What is needed is an exact transcription of every entry below, with the pictures left out.

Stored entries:
[Start of Attachment]
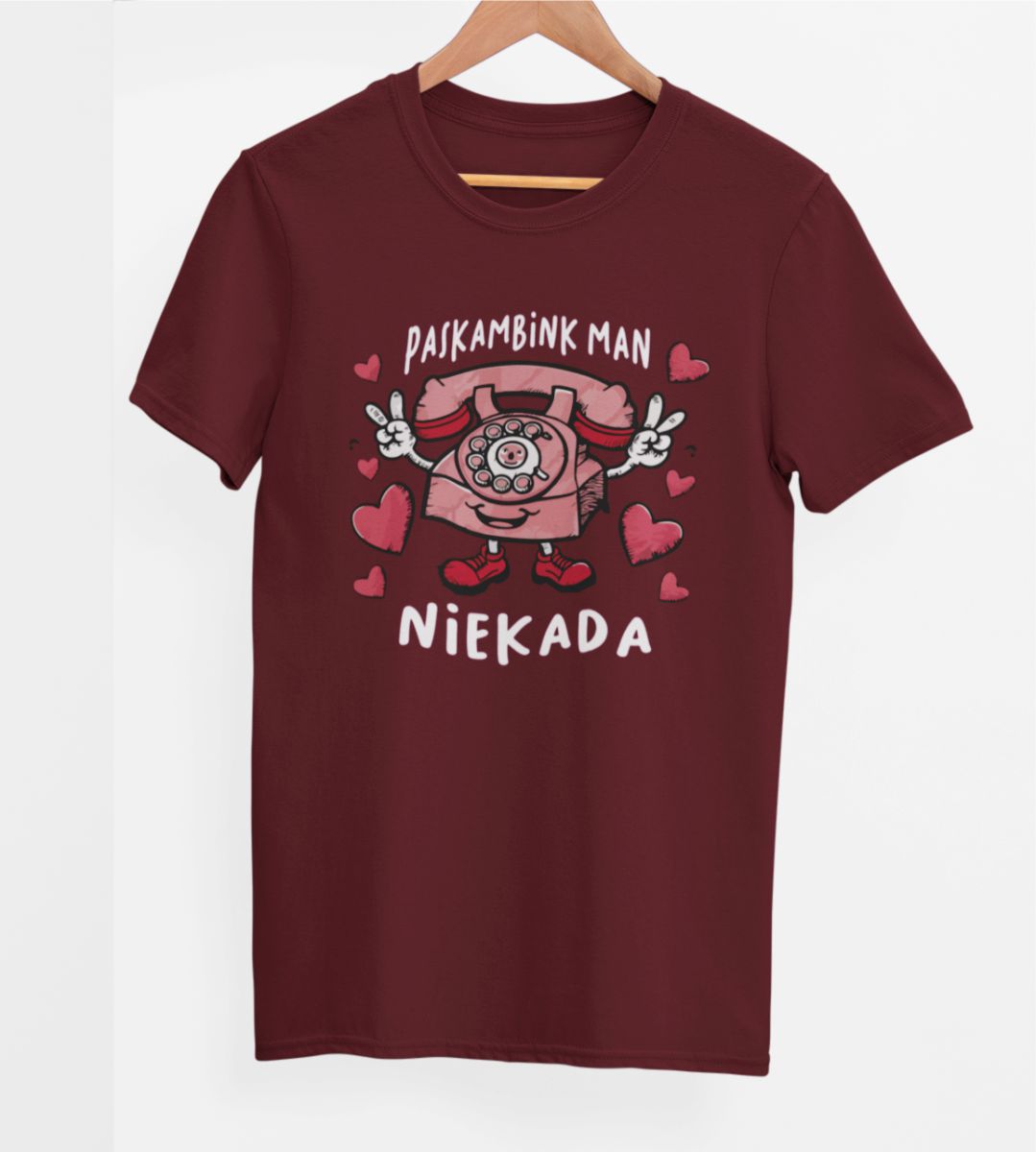 Burgundiški UNISEX marškinėliai "Paskambink man niekada"
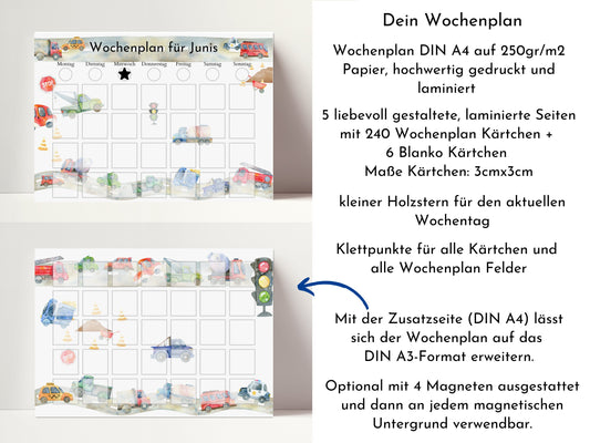 Personalisierter Wochenplan "Autos und Laster" für Kinder, 246 Routine Karten, laminiert, magnetisch, Montessori Routineplan mit Bildkarten
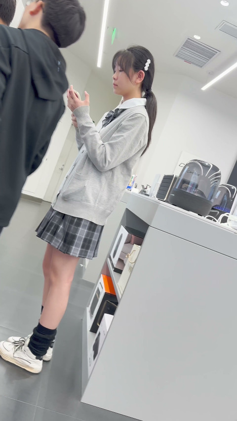 「盗撮されてるよ」と注意するような仕草でモデルの子
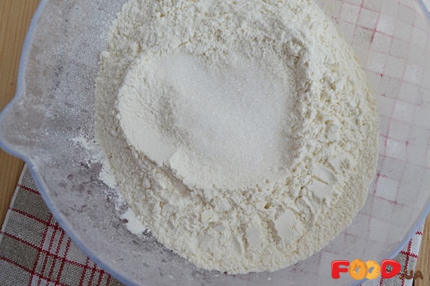 Муку просеять в миску, добавить щепотку соли и сахар.
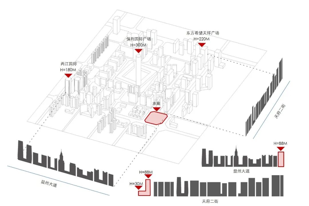 大源商务核心区以300m高保利大厦为地标中心,并以超高层建筑作为关键节点,沿益州大道和天府二街已经形成了丰富的城市天际线。本项目设计限高为130m,方案从城市视角入手,设计88m高L型主楼及30m高的裙楼体量,和谐地融入周边城市空间。在临近路口的位置,我们退让道路红线30m作为城市开敞空间,用于建设市民广场,以减轻高层建筑对城市转角空间的压迫感,营造出宜人的空间尺度。
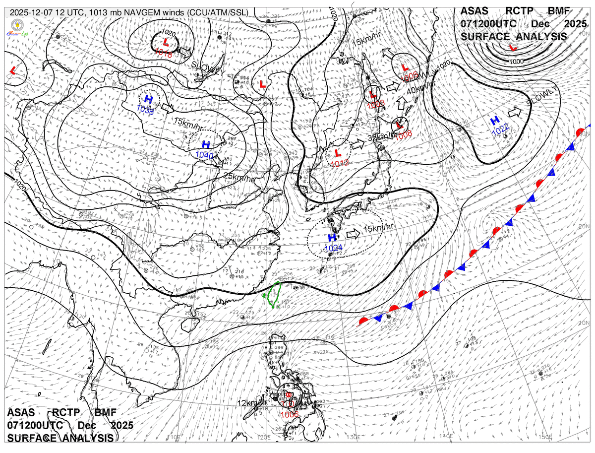 2025/12/07 12z sfcwnd 天氣圖
[End of Attachment]
Result of the exercise:
 Burgundiški UNISEX marškinėliai "Paskambink man niekada"
 Personalisierter Wochenplan "Autos und Laster" für Kinder, 246 Routine Karten, laminiert, magnetisch, Montessori Routineplan mit Bildkarten
 「盗撮されてるよ」と注意するような仕草でモデルの子
 Муку просеять в миску, добавить щепотку соли и сахар.
 大源商务核心区以300m高保利大厦为地标中心,并以超高层建筑作为关键节点,沿益州大道和天府二街已经形成了丰富的城市天际线。本项目设计限高为130m,方案从城市视角入手,设计88m高L型主楼及30m高的裙楼体量,和谐地融入周边城市空间。在临近路口的位置,我们退让道路红线30m作为城市开敞空间,用于建设市民广场,以减轻高层建筑对城市转角空间的压迫感,营造出宜人的空间尺度。
 2025/12/07 12z sfcwnd 天氣圖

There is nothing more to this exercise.